A brief question to do mainly with understanding how pointers work with arrays in this example:
char *lineptr[MAXLENGTH]
Now I understand this is the same as char **lineptr as an array in itself is a pointer.
My question is how it works in its different forms/ de-referenced states such as:
lineptr
*lineptr
**lineptr
*lineptr[]
In each of those states, whats happening, what does each state do/work as in code?
Any help is much appreciated!
Now I understand this is the same as char **lineptr as an array in itself is a pointer.
No, an array is not the same as a pointer. See the C FAQ: http://c-faq.com/aryptr/index.html.
lineptr
This is the array itself. In most situations, it decays into a pointer to its first element (i.e. &lineptr[0]). So its type is either int *[MAXLENGTH] or int **.
*lineptr
This dereferences the pointer to the first element, so it's the value of the first element (i.e. it's the same as lineptr[0]). Its type is int *.
**lineptr
This dereferences the first elements (i.e. it's the same as *lineptr[0]). Its type is int.
*lineptr[]
I don't think this is valid syntax (in this context).
lineptr is the /array/ itself.
*lineptr is the first element of the array, a char *
**lineptr is the char pointed to by the first element of the array
*lineptr[N] is the char pointed to by the Nth element of the array
Ok, first things first.
Arrays are not pointers. They simply decompose to pointers when needed. Think of an array as a pointer that already has some data malloced/alloca'ed to it.
lineptr : This simply returns the array. Not much to say.
*lineptr : This is the same as accessing your array's first location. *lineptr = lineptr[0]. This just happens to return a char *
**lineptr: This is accessing the array's first location, an then dereferencing that location. **lineptr = *(lineptr[0]). Since your array holds char* this will return the char stored at the char * in slot 0 of the array.
*lineptr[i] : This dereferences the char* stored at i. So the char pointed to by lineptr[i] is returned.
Except when it is the operand of the sizeof or unary & operator, or is a string literal being used to initialize another array in a declaration, an expression of type "N-element array of T" will be replaced with ("decay to") an expression of type "pointer to T", and the value of the expression will be the address of the first element.

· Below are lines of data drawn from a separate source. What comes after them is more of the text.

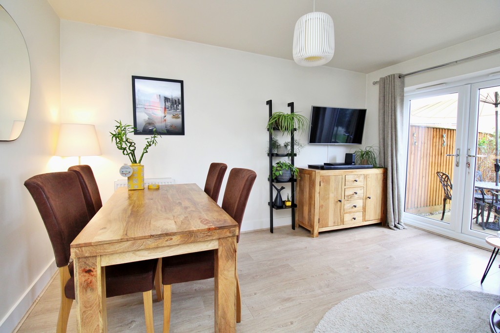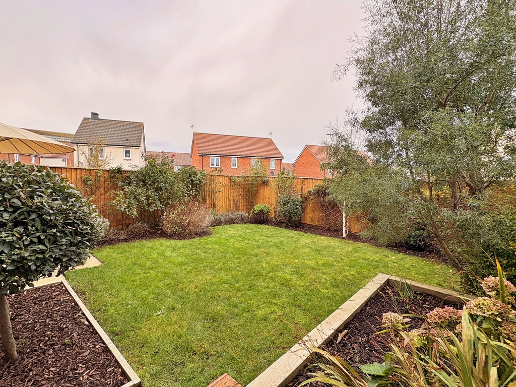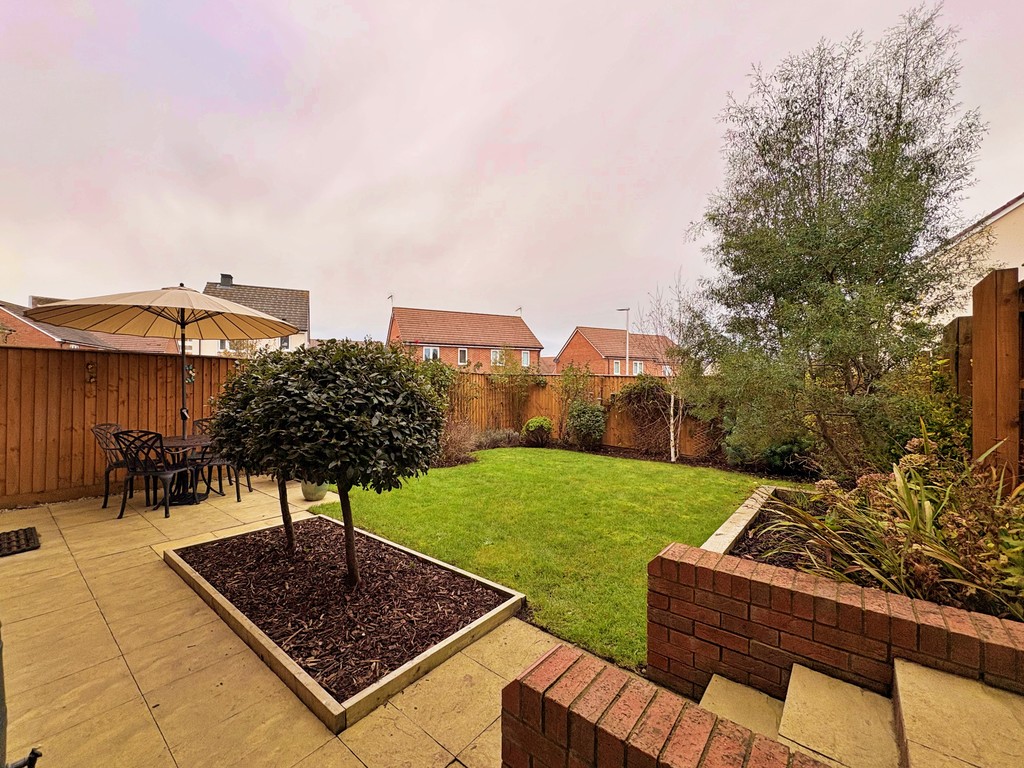 The rear garden is mainly laid to lawn and is fully enclosed by timber fencing, creating a safe and private outdoor space. A paved patio area directly behind the property offers the perfect spot for outdoor seating and al fresco dining.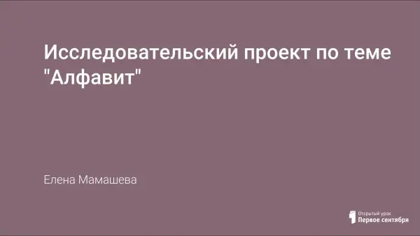 Проектно-исследовательская работа посвящена изучению темы «Алфавит» и предназначена для учащихся 3-4-х классов, учителей начальных классов, родителей учащихся и всех тех, кому это интересно. Содержание проекта отражает самостоятельные исследования учащихся, соответствует их интересам, возможностям и уровню знаний.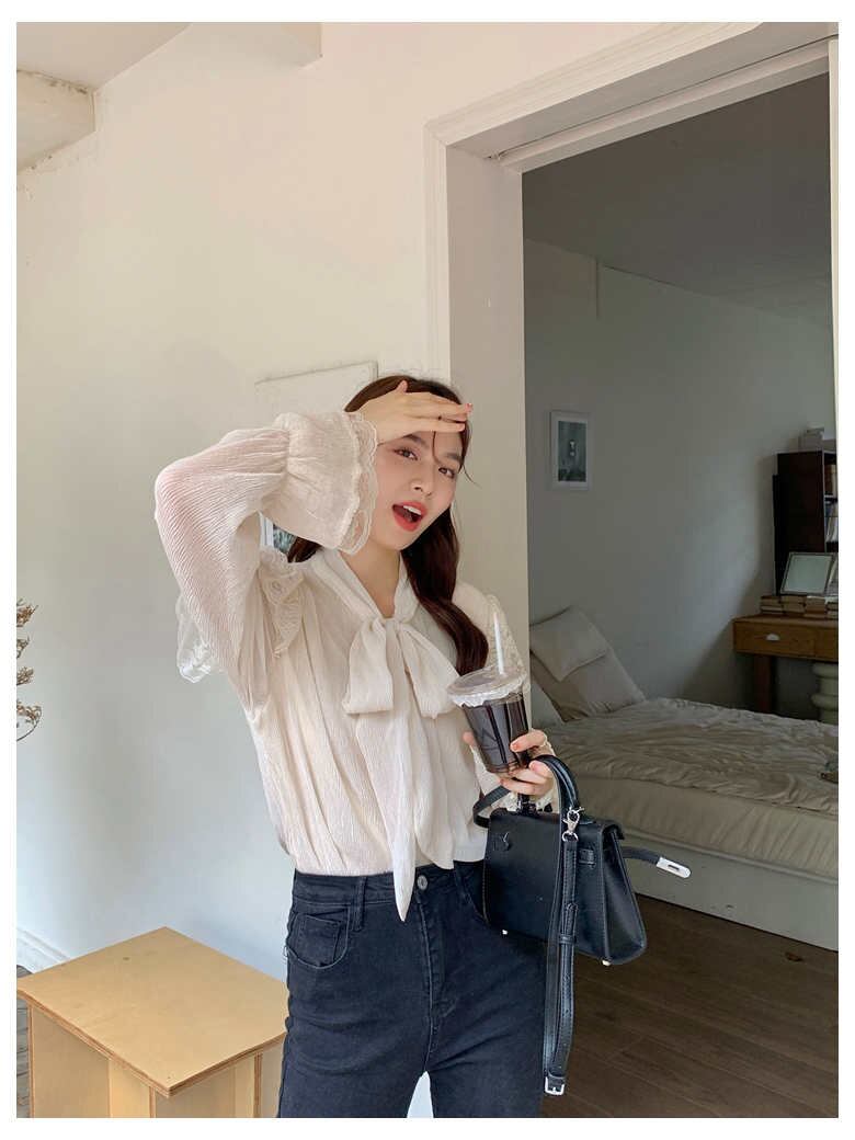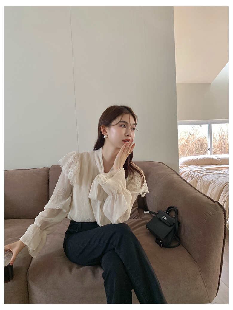 2023秋INS新作★カジュアル 韓国風 ピコットデザイン性 ベルスリープ 着心地抜群 ブラウス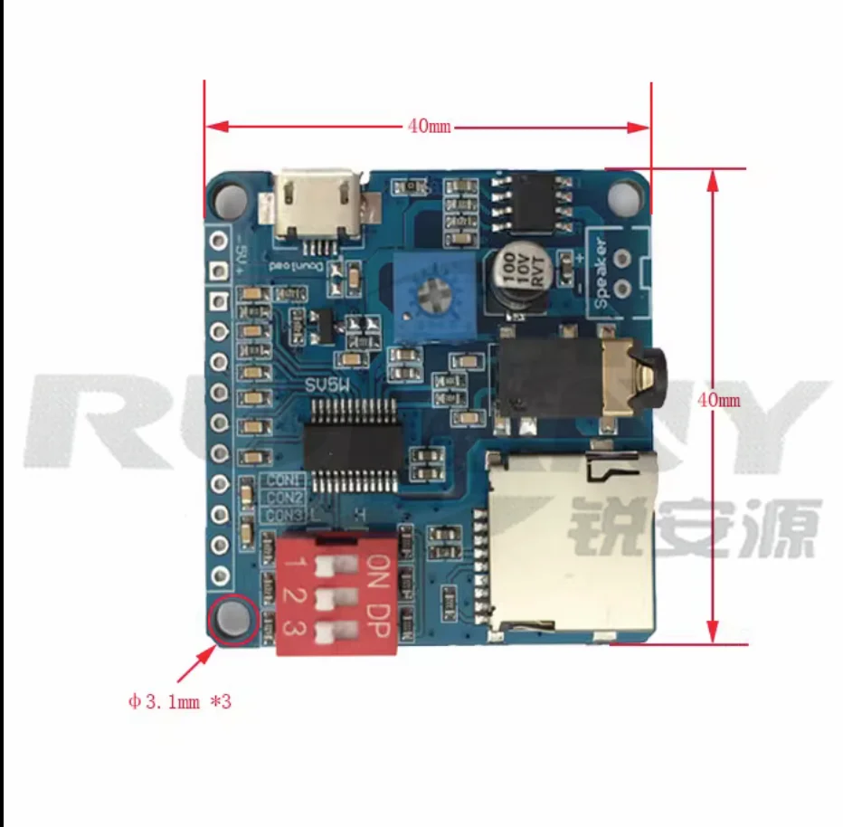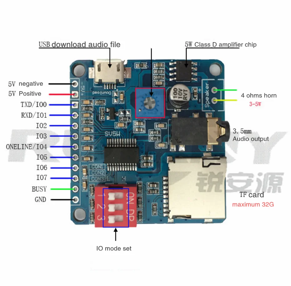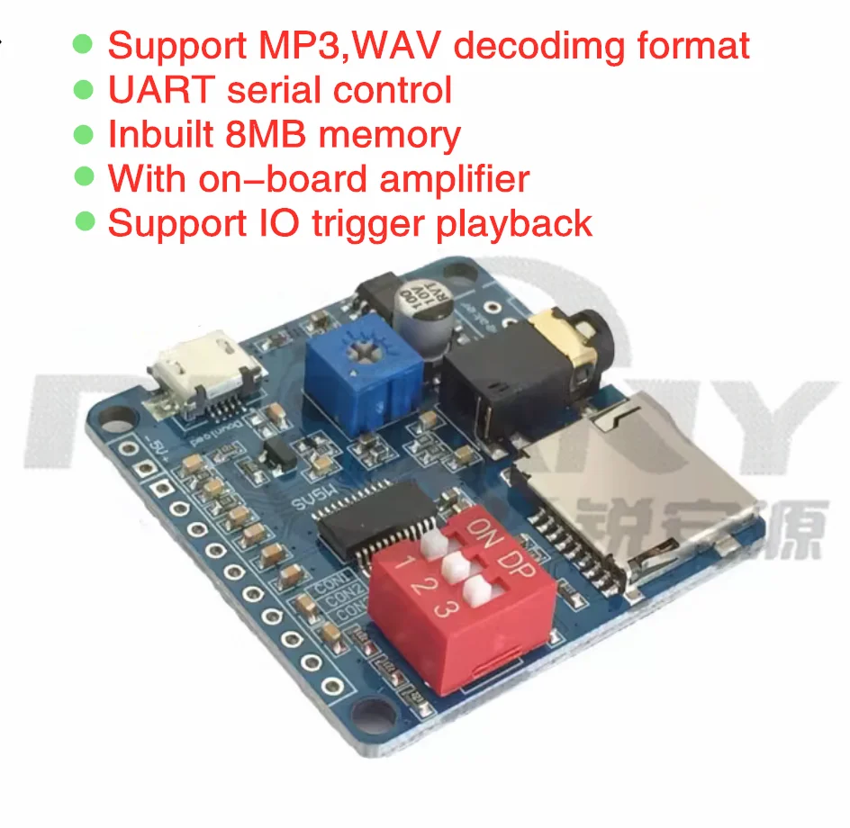 DY-SV5W ºÎ¹®¿¡¼ µ¶¸³ÀûÀ¸·Î °³¹ß ÇÑ Áö´ÉÇü À½¼º ¸ðµâÀÔ´Ï´Ù. I/O ¼¼±×¸ÕÆ® Æ®¸®°Å, UART Á÷·Ä Á¦¾î, ONE_line ´ÜÀÏ ¹ö½º Á÷·Ä Á¦¾î¸¦ ÅëÇÕÇÕ´Ï´Ù. ¿Âº¸µå 5WD Ŭ·¡½º ¾ÚÇÁ ȸ·Î, 4 ohms 3 ~ 5W ¶ó¿ìµå ½ºÇÇÄ¿¸¦ Á÷Á¢ ±¸µ¿ ÇÒ ¼ö ÀÖ½À´Ï´Ù. MP3, WAV µðÄÚµù Çü½ÄÀ» Áö¿øÇÕ´Ï´Ù. ÃÖ´ë Áö¿ø 32Gbit (4MByte) TF Ä«µå ¸Þ¸ð¸®, USB ÄÉÀÌºí ¾÷µ¥ÀÌÆ® TF Ä«µå¸¦ ÅëÇØ ÄÄÇ»ÅÍ¿¡ ¿¬°áÇÏ¿© ¿Àµð¿À ÆÄÀÏ ÀúÀå 3.5mm ¿Àµð¿À ÀÎÅÍÆäÀ̽º, U µð½ºÅ© ÀÎÅÍÆäÀ̽º, ¸¶ÀÌÅ©·Î USB ´Ù¿î·Îµå ÀÎÅÍÆäÀ̽º, ´ÜÀÏ ¸ðµâÀÇ ¹öư ¸ðµâ

The expression lineptr has type "MAXLENGTH-element array of char *". Under most circumstances, it will be replaced with an expression of type char **. Here's a handy table showing all the possibilities:
Expression Type Decays to Evaluates to
---------- ---- --------- ------------
lineptr char *[MAXLENGTH] char ** address of first element in array
&lineptr char *(*)[MAXLENGTH] n/a address of array
*lineptr char * n/a value of first element
lineptr[i] char * n/a value of i'th element
&lineptr[i] char ** n/a address of i'th element
*lineptr[i] char n/a value of character pointed to by i'th element
**lineptr char n/a value of character pointed to by zero'th element
Note that lineptr and &lineptr evaluate to the same value (the address of an array is the same as the address of its first element), but their types are different (char ** vs. char *(*)[MAXLENGTH]).